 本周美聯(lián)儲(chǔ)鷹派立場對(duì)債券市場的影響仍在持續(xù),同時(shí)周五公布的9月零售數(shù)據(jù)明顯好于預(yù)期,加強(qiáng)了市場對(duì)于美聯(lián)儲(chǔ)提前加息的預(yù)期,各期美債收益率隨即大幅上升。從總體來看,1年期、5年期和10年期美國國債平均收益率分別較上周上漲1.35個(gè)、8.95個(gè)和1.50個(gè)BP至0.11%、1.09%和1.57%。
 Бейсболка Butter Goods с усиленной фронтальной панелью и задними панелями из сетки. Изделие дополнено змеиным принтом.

....

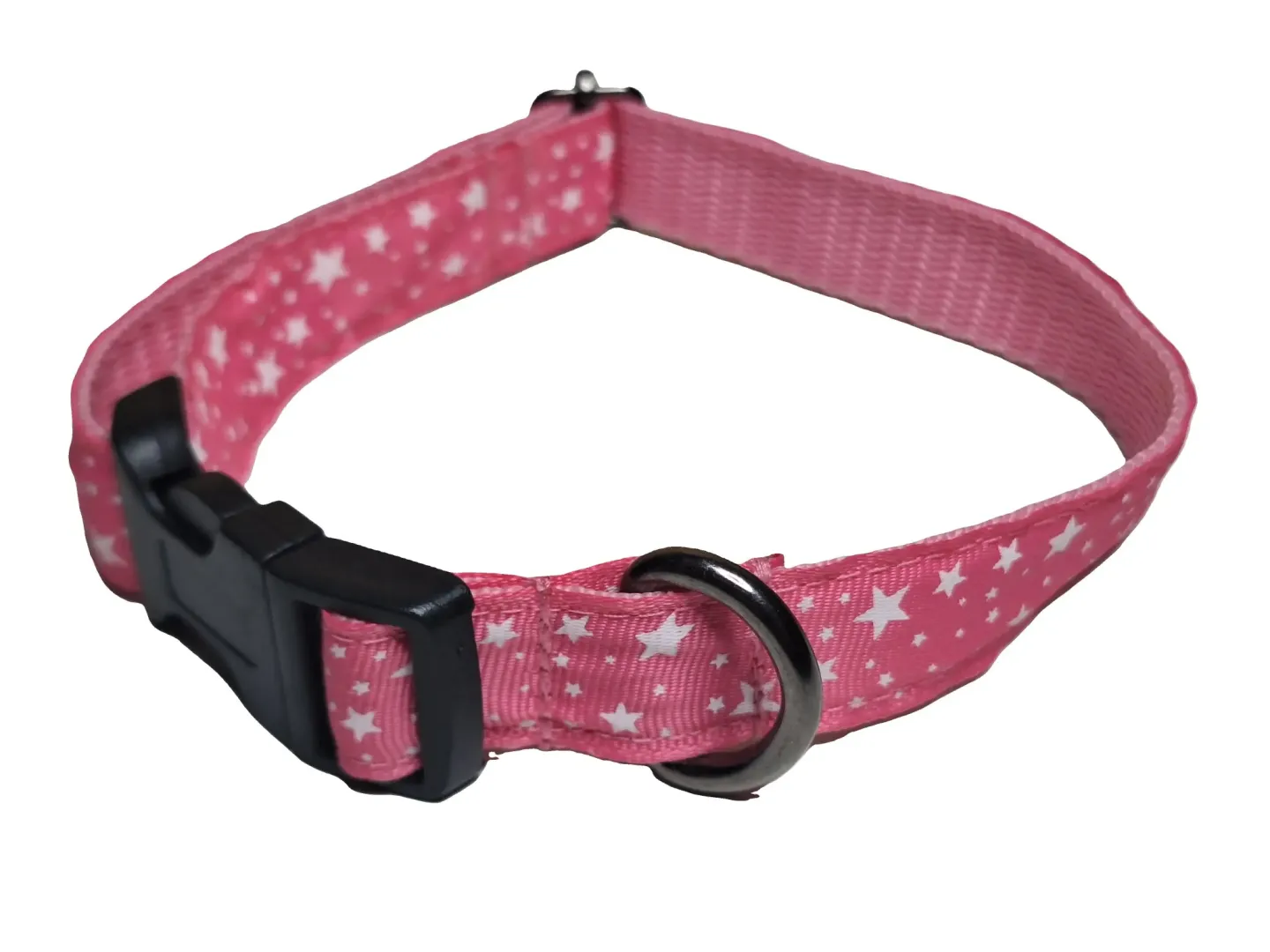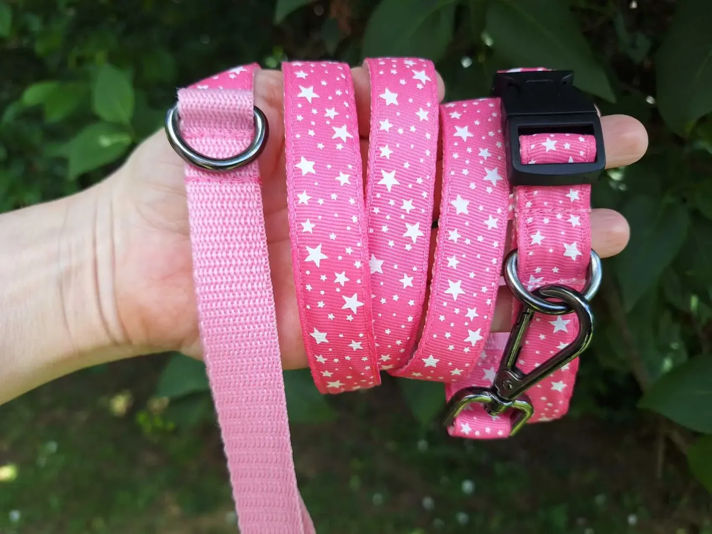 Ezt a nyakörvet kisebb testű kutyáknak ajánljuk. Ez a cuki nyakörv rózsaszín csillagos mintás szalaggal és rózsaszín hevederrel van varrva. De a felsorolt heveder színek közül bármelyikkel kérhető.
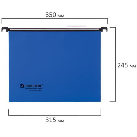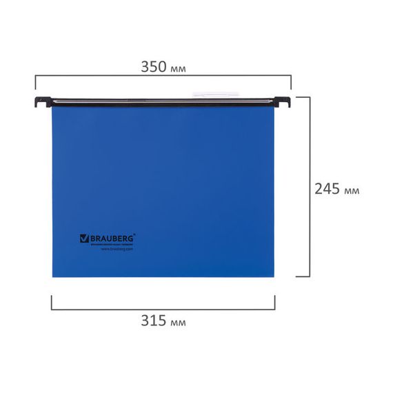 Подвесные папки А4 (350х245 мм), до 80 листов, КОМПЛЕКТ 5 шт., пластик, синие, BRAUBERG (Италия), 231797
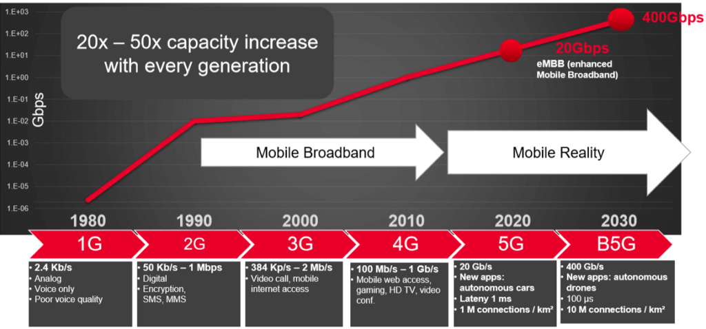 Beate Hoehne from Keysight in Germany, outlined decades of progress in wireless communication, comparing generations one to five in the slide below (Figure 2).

....

_Task description_.
Your task is to restate, word for word, only those lines above that fall between the line holding "本周美聯(lián)儲(ch" and the line holding "Бейсболка Butter Goods", inclusive.

_Task result_.
 本周美聯(lián)儲(chǔ)鷹派立場對(duì)債券市場的影響仍在持續(xù),同時(shí)周五公布的9月零售數(shù)據(jù)明顯好于預(yù)期,加強(qiáng)了市場對(duì)于美聯(lián)儲(chǔ)提前加息的預(yù)期,各期美債收益率隨即大幅上升。從總體來看,1年期、5年期和10年期美國國債平均收益率分別較上周上漲1.35個(gè)、8.95個(gè)和1.50個(gè)BP至0.11%、1.09%和1.57%。
 Бейсболка Butter Goods с усиленной фронтальной панелью и задними панелями из сетки. Изделие дополнено змеиным принтом.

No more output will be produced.